Note: these sites do not offer advice. The cheapest may not be suitable; it is up to you to read the policy and ensure it meets your needs.
Gap-year, Backpacker, Extended Stay travel insurance
Check the policy before you buy; see the section on pitfalls above. Ensure it covers any work or activities you may do on your travels.
1. The sites above will enable you to compare backpacker/extended stay policies from many insurers. Note: the prices shown will be for the “standard” policies, you may need to add on cover which will increase the premium.

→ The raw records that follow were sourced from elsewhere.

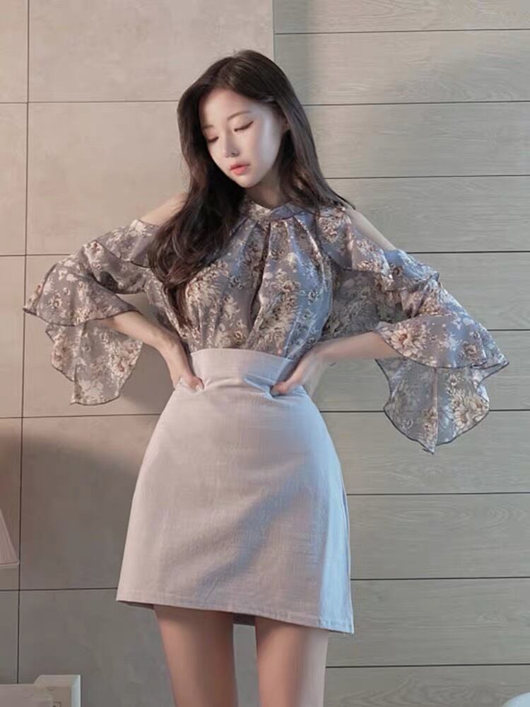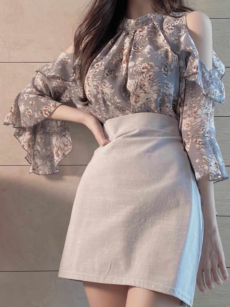 韓国デザイン♡ 花柄 オフショル シフォンブラウス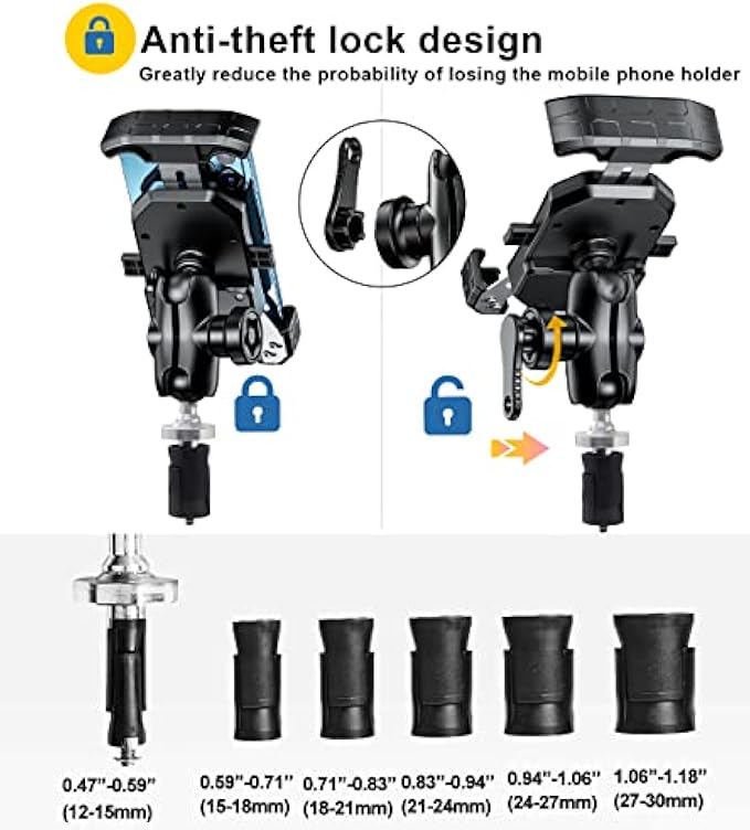 • ➤Anti-Thief Lock & One-Hand Operation: one-click to lock your phone tightly instantly, the motorcycle fork stem phone holder makes sure the mobile secure even on bumpy roads; the clamping feet extending through the retractable modules, people can operation with one hand; with anti-theft knob and key, it dispels your worries about leaving this phone mount outside. The motorbike fork stem ball phone mount makes operation super easy during ride, and prevents being stolen when not in using.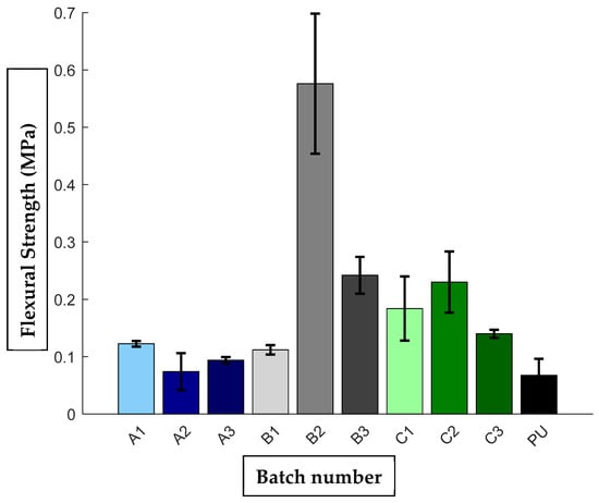 The figure shows the average flexural strength values (MPa) obtained for the different experimental groups (A1, A2, A3, B1, B2, B3, C1, C2, C3, and PU). In general, the values range between 0.07 and 0.58 MPa. It noteworthy that these low values, when compared with the literature for structural composites, are consistent with the low apparent density of the material. This suggests an application primarily in the field of thermal insulation rather than load-bearing structures.
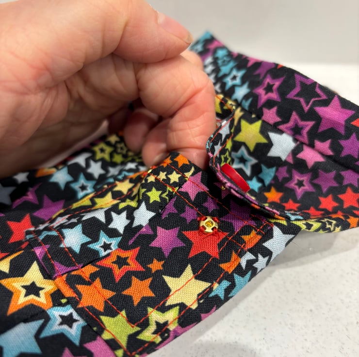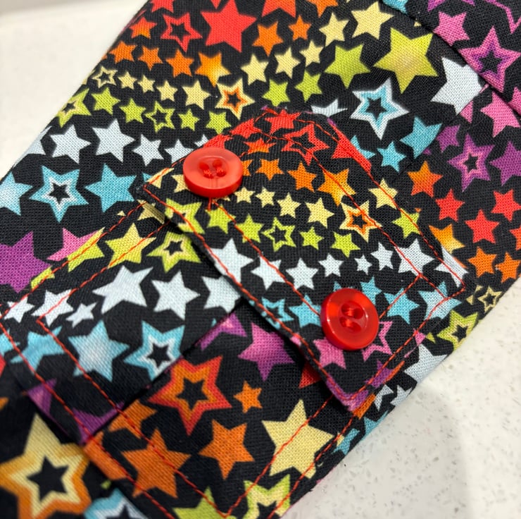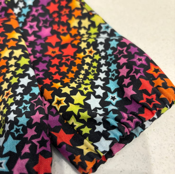 These are classic cargo trousers, with functional side pockets. The trousers are drawn in a little with elastic. The trousers pull on. The fabric is a whole rainbow of colours stars. Colours are bright on a black background. The top is cropped style lined in a coordinating fabric.

2. WorldNomads is known internationally for backpacker insurance, and sold/advertised by both Lonely Planet and Rough Guides. (diclosure: and Travelchimps!)
- When I checked you could take out a policy for up to 18 months, or extend your policy whilst abroad;
- you can claim online whilst on your travels
- good options available for those wishing to undertake a variety of work during their travels
- various options for those wanting to do some adventurous activities
- very high age bar (insurance available to those under age 60)
3. STAtravel On our last check they offered policies from one week to 24 months.
Some backpacker/world travel policies have an upper age limit of low thirties and many are not available to the over 40s or 50s.
WorldNomads offers policies to under 60’s;
World First (below) should also be able to find policies for older career break travellers.
Medical Conditions and Older Travellers
Single and multi-trip holiday insurance can be expensive and difficult to obtain after age 60 or if you have a medical condition. You can try:
World First Specialist, offering travel insurance up to age 100, those with medical conditions, and not so young gap year travellers,
Saga Single and multi trip for the over 50s.
Free Spirit No upper age. Single and multi-trip policies for those with medical conditions.
Age UK The charity formed by the merger of Age Concern and Help the Aged.
Columbus Direct Single Trip (
no upper age 85); Annual (up to age 74).